Assigned task:
Return the records exactly as they appear below, omitting the pictures.

[Records from a dataset]
_ _ _ _ _ _ _

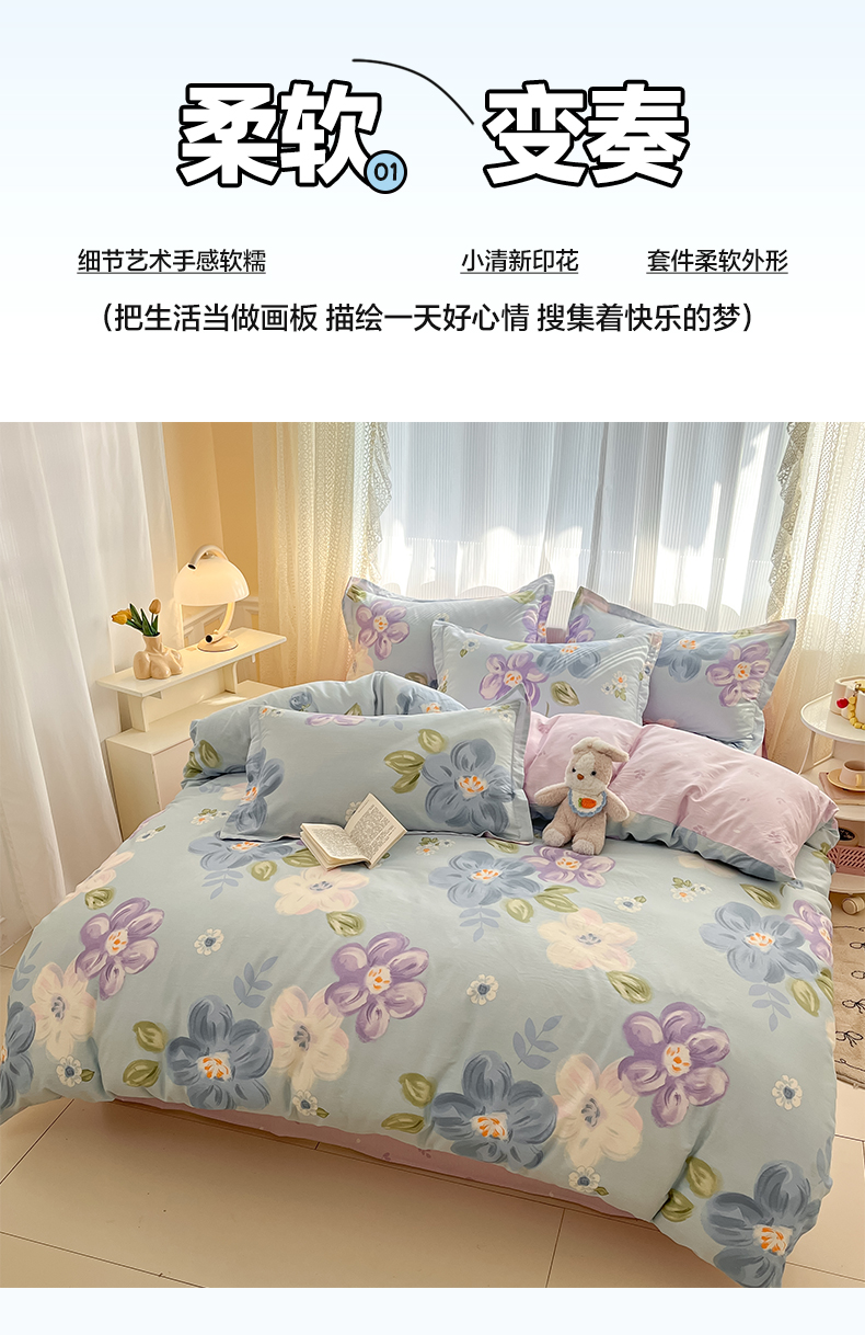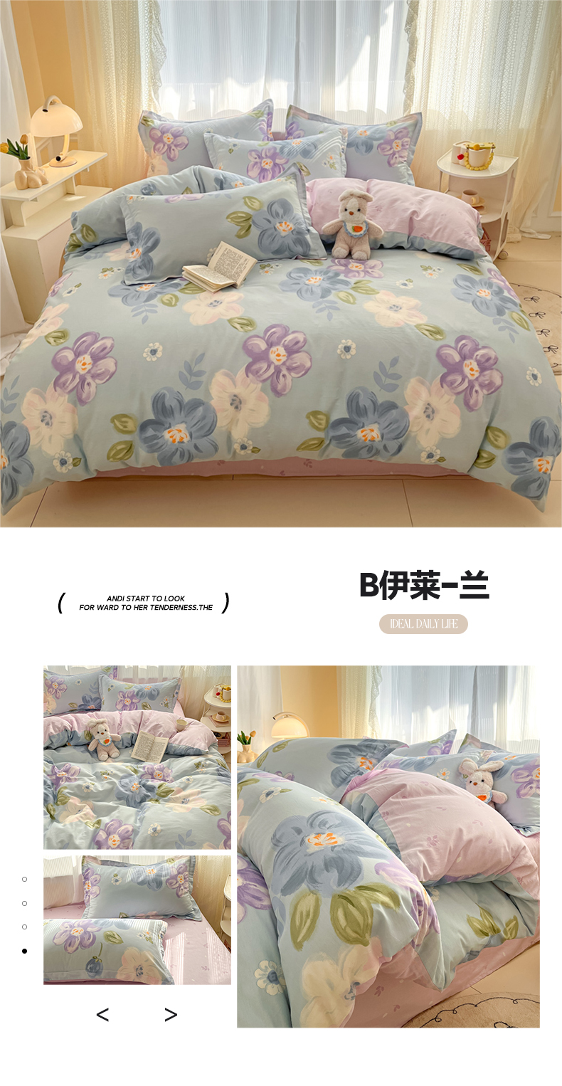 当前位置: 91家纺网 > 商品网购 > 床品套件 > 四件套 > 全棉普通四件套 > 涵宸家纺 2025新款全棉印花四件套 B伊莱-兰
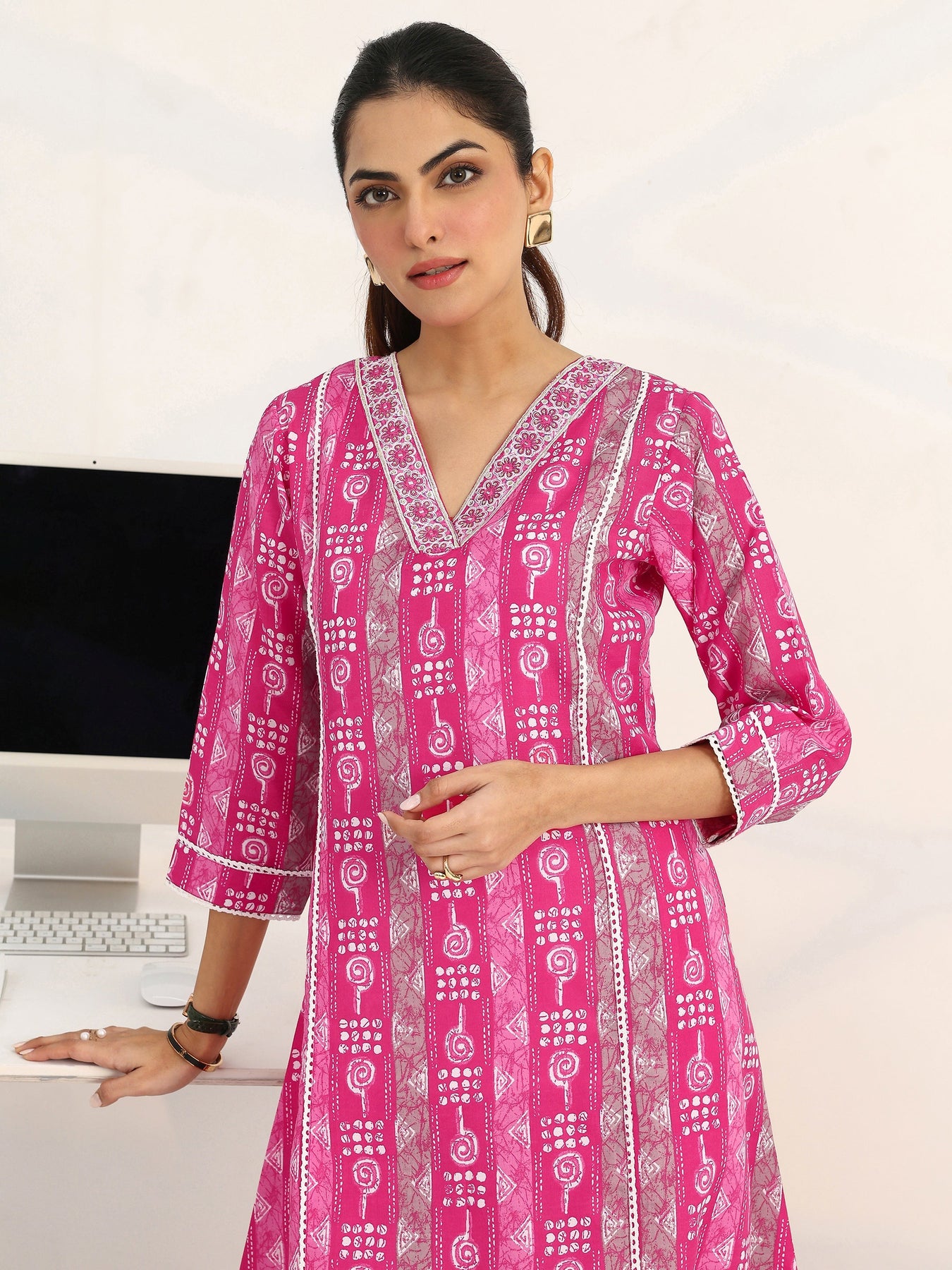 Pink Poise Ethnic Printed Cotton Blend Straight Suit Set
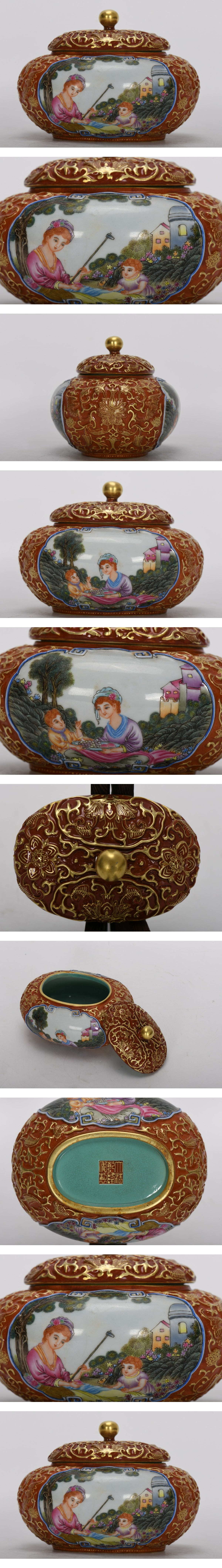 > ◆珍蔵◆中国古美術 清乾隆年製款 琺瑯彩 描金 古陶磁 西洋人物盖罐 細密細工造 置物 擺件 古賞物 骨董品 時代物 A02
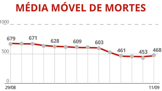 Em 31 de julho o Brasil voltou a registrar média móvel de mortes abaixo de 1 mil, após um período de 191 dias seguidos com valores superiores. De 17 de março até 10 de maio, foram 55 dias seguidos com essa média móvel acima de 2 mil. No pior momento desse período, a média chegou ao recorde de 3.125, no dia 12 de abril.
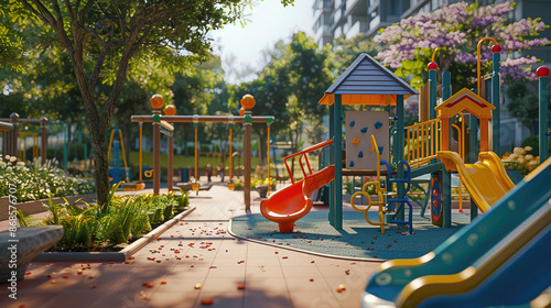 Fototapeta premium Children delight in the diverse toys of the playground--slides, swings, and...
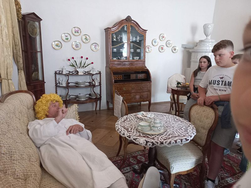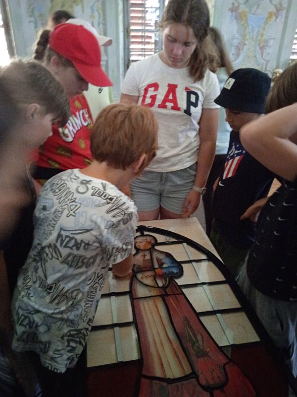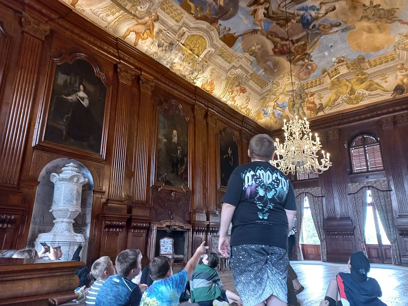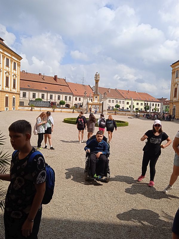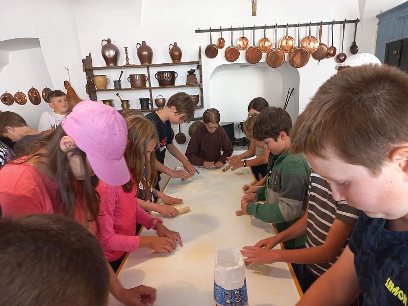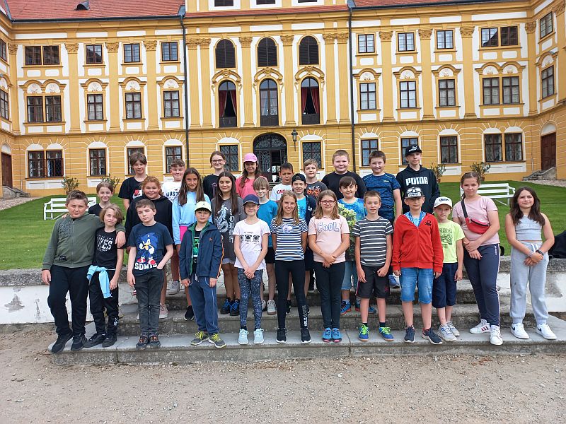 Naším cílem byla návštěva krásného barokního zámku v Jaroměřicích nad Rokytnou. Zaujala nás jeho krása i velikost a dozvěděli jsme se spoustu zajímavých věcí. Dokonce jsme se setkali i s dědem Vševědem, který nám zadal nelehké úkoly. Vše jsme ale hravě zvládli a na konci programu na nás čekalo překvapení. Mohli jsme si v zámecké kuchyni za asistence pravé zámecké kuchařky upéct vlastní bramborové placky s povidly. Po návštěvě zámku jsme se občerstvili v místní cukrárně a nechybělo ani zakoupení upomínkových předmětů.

_ _ _ _ _ _ _

Response:
 当前位置: 91家纺网 > 商品网购 > 床品套件 > 四件套 > 全棉普通四件套 > 涵宸家纺 2025新款全棉印花四件套 B伊莱-兰
 Pink Poise Ethnic Printed Cotton Blend Straight Suit Set
 > ◆珍蔵◆中国古美術 清乾隆年製款 琺瑯彩 描金 古陶磁 西洋人物盖罐 細密細工造 置物 擺件 古賞物 骨董品 時代物 A02
 Em 31 de julho o Brasil voltou a registrar média móvel de mortes abaixo de 1 mil, após um período de 191 dias seguidos com valores superiores. De 17 de março até 10 de maio, foram 55 dias seguidos com essa média móvel acima de 2 mil. No pior momento desse período, a média chegou ao recorde de 3.125, no dia 12 de abril.
 Fototapeta premium Children delight in the diverse toys of the playground--slides, swings, and...
 Naším cílem byla návštěva krásného barokního zámku v Jaroměřicích nad Rokytnou. Zaujala nás jeho krása i velikost a dozvěděli jsme se spoustu zajímavých věcí. Dokonce jsme se setkali i s dědem Vševědem, který nám zadal nelehké úkoly. Vše jsme ale hravě zvládli a na konci programu na nás čekalo překvapení. Mohli jsme si v zámecké kuchyni za asistence pravé zámecké kuchařky upéct vlastní bramborové placky s povidly. Po návštěvě zámku jsme se občerstvili v místní cukrárně a nechybělo ani zakoupení upomínkových předmětů.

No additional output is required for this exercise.